Pedro Páramo

Felipe Garrido

Había una vez un niño. Su padre fue asesinado: vio llorar a su madre y a su abuela. Perdieron tierras, dinero, posición. Junto con ellas sufrió la pobreza. Tuvo que ir a pedir favores, en nombre de su madre y de su abuela, con doña Inés Villalpando, la misma que muchos años después, cuando aquel niño era ya un hombre acaudalado y temido, le dio a Abundio el licor con que se emborrachó antes de acuchillar no al cacique, como muchos han creído, sino a Damiana Cisneros, que gritaba “¡Están matando a don Pedro!” —pero eso era lo que ella gritaba, no lo que estaba ocurriendo—. De niño, se refugiaba en el retrete para soñar con su compañera de juegos, que tenía los labios abullonados, irisados de rocío, y ojos de aguamarina.

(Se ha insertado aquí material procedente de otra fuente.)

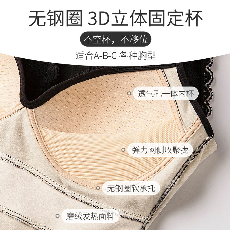 De Velvet Thermal Vest Women's V-neck One-piece Chest Pad Fleece-lined Thickened Slim-fit Lace Underwear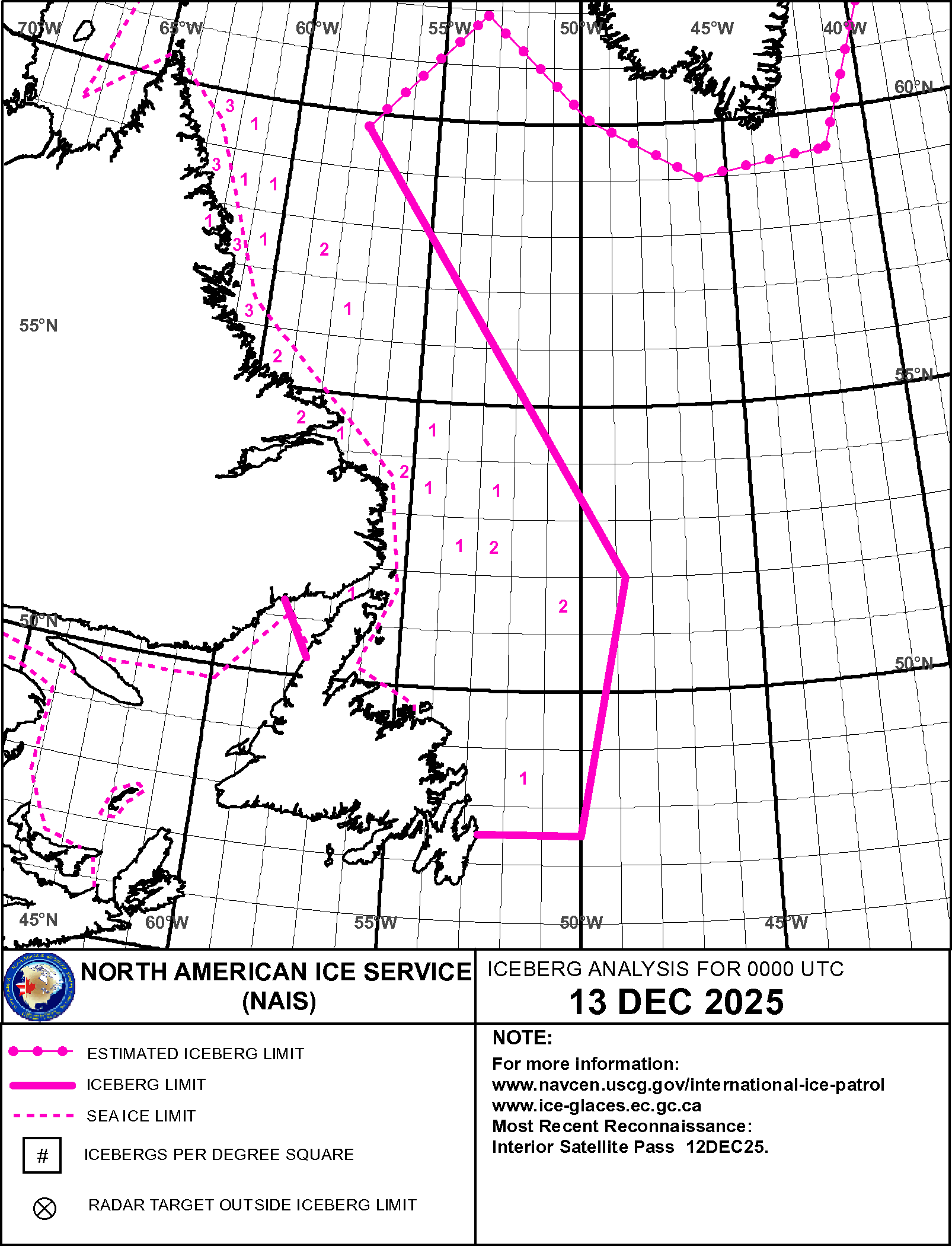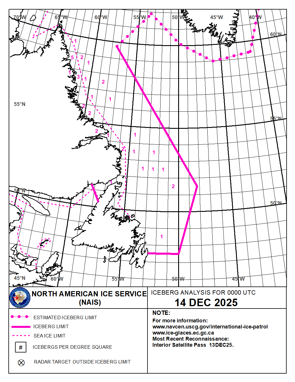 Iceberg Analysis USCG International Ice Patrol ice-berg 14 Dec 2025 20251214_NAIS65 | ||

Se convirtió en un rencor vivo. Deseó ser dueño de todo. Las tierras, los pesos, el poder; que lo llamaran don. Creía que tenerlo todo era la única manera de tenerla a ella, a Susana San Juan. Usó todos los medios. Se hizo poderoso —la vocación del poder es dominar—. Se casó con Dolores Preciado para no pagarle lo que le debía y para quedarse con sus tierras. Ordenó la muerte de Bartolomé San Juan, el padre de Susana, para llevarla a vivir a su lado. Mandó ahorcar a Toribio Aldrete para adueñarse de sus tierras. Como no estaba seguro de quién había matado a su padre, acabó con todos los que habían asistido a las bodas de Vilmayo. No tenía opción. Cumplía su destino.